I get the impression from the man page that it should be possible, but I need a little guidance on what set of parameters to pass rsync.

  • This question does not match the title, can anyone re-title it? Dec 28 '20 at 22:01

To just sync two directories:

$ rsync /source/path/* /dest/path/

Or if you want to do a whole tree:

$ rsync -a /source/path/ /dest/path/

"-a" specifies "archive" mode, where it duplicates the tree as closely as possible.

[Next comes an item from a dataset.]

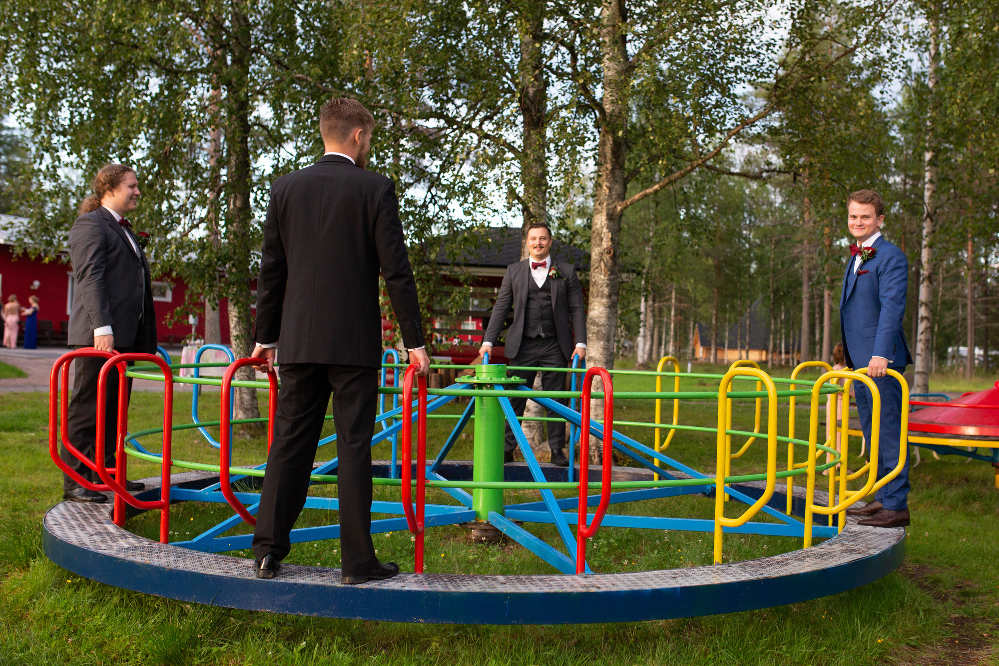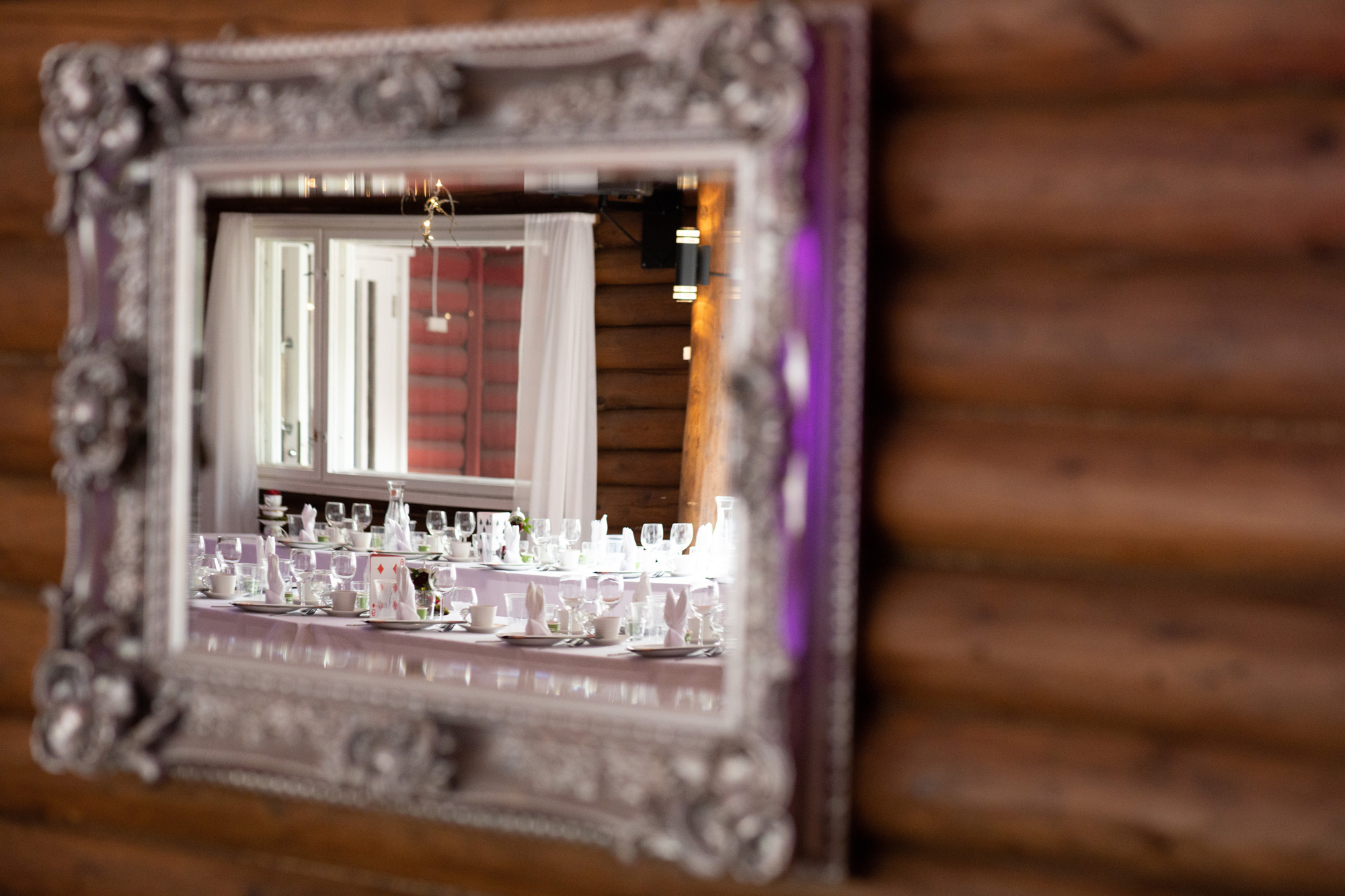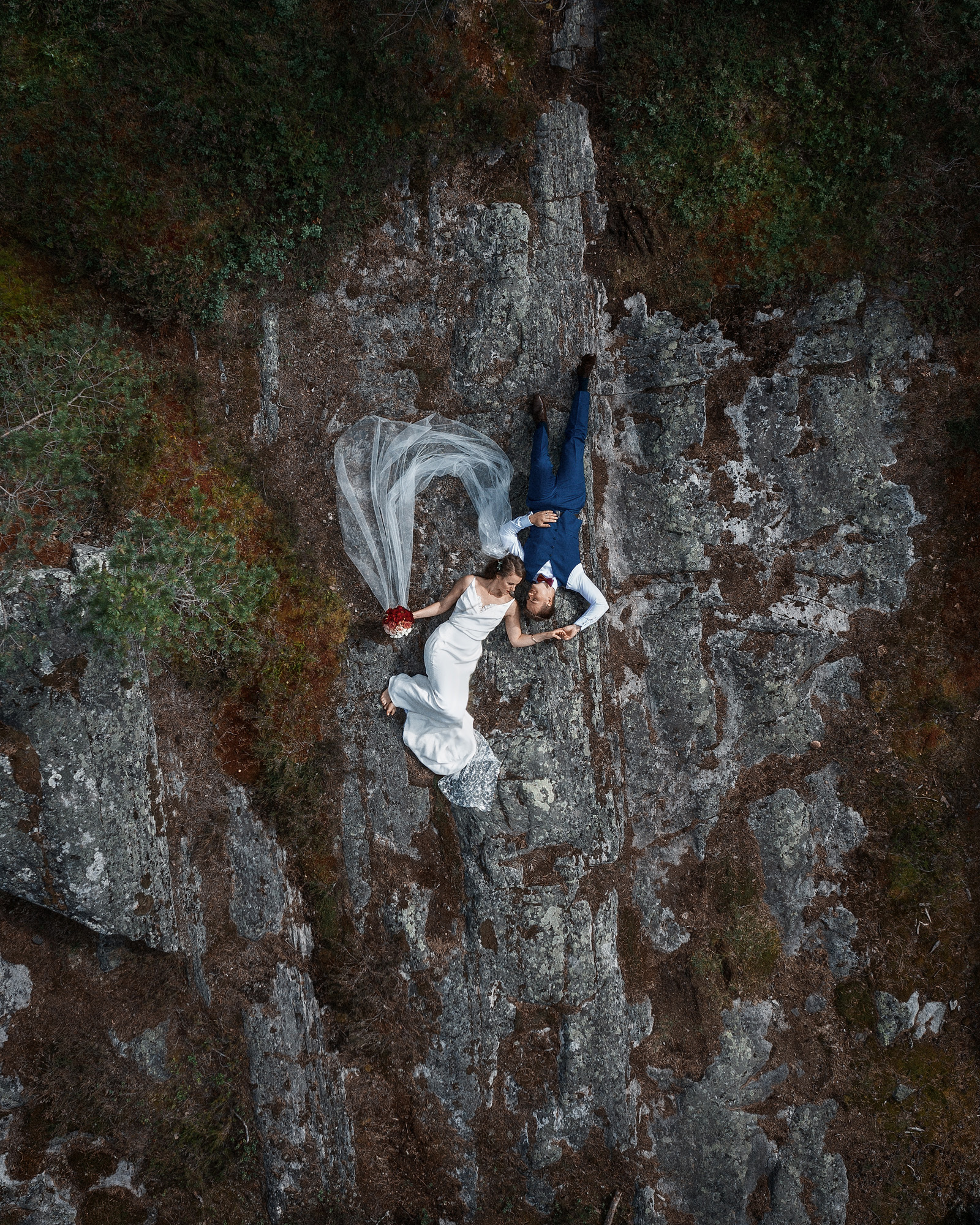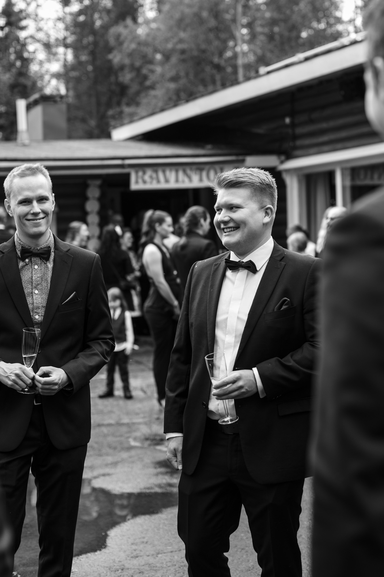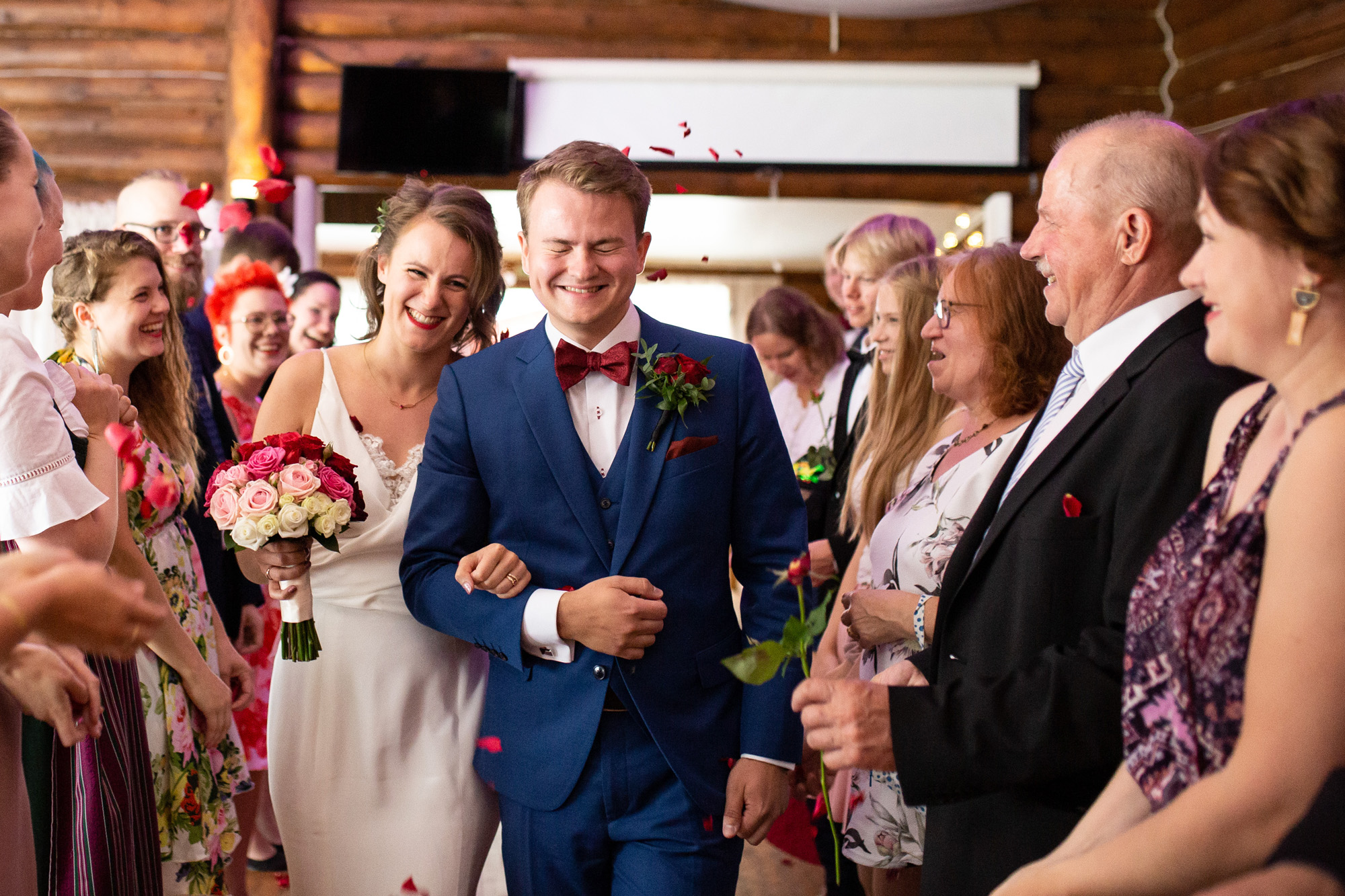 Reetan ja Turkan kuvauksen aloitimme firstlookilla potrettikuvauspaikaksemme valikoituneella Ounasvaaralla. Tykkään kuvata potretit rauhassa ennen vihkimistä, jolloin vihkimisen jälkeen pari voi keskityä juhlimiseen. Firstlookin kuvaamisella ennen potrettikuvausta saa ihanasti taltoitua ne tunteet ja pienetkin eleet, kun pari näkee toisensa ensimmäisen kerran hääpäivänä. Toki pieniä kuvaussessioita voidaan järjestää myös kesken hääjuhlan, mutta suurin osa potreteista on mukava kuvata ilman kiirettä kun paikalla on vain hääpari ja mahdolliset assarit. Metsäinen maisema oli Reetalle ja Turkalle mieleinen ja lisäksi he toivoivat potretteja kuvattavan myös dronella. Tähän tarkoitukseen sopi mainiosti Ounasvaaran kalliot, jotka tarjoavat maanläheisen, rosoisen taustan nostaen parin upeasti esiin. Jonkin aikaa odotimme juuri sopivaa valoa, jotta aurinko kurkisti hieman pilvenreunan takaa. Lopputulos on nähtävillä gallerian viimeisenä ruutuna. Kuvasimme myös muita versioita, mutta tässä drammaattisen romanttisessa kuvassa kallioilla oli mielestämme sitä jotakin. Vihkiminen ja hääjuhla järjestettiin Palojärven lomakeskuksella, jossa kuvasin juhlan tunnelmia iltaan saakka.

I like to add the flags v and P in there so I can watch it work:

$rsync -avP /source/path/ /dest/path/

"-v" turns on verbose mode, so you can see what it's doing (it lists the files as they copy), and "-P" enables progress, so you can see how long it's taking to copy each file (percentage copied, time remaining, etc), and allows you to see how far through the copy you are.

  • 4
    ...and perhaps add the z flag to use compression for the transfer
    – Linker3000
    Mar 7 '11 at 21:47
  • 4
    ...if you're transferring to a remote location
    – Majenko
    Mar 7 '11 at 21:50
  • I guess we should use -u or --update option to sync the changed files. Dec 4 '20 at 2:03
  • What does 'duplicates the tree' mean?
    – Scorb
    Mar 30 at 2:11

This is how rsync works by default (at least on Linux). From the man page:

Rsync finds files that need to be transferred using a "quick check" algorithm (by default) that looks for files that have changed in size or in last-modified time. Any changes in the other preserved attributes (as requested by options) are made on the destination file directly when the quick check indicates that the file's data does not need to be updated.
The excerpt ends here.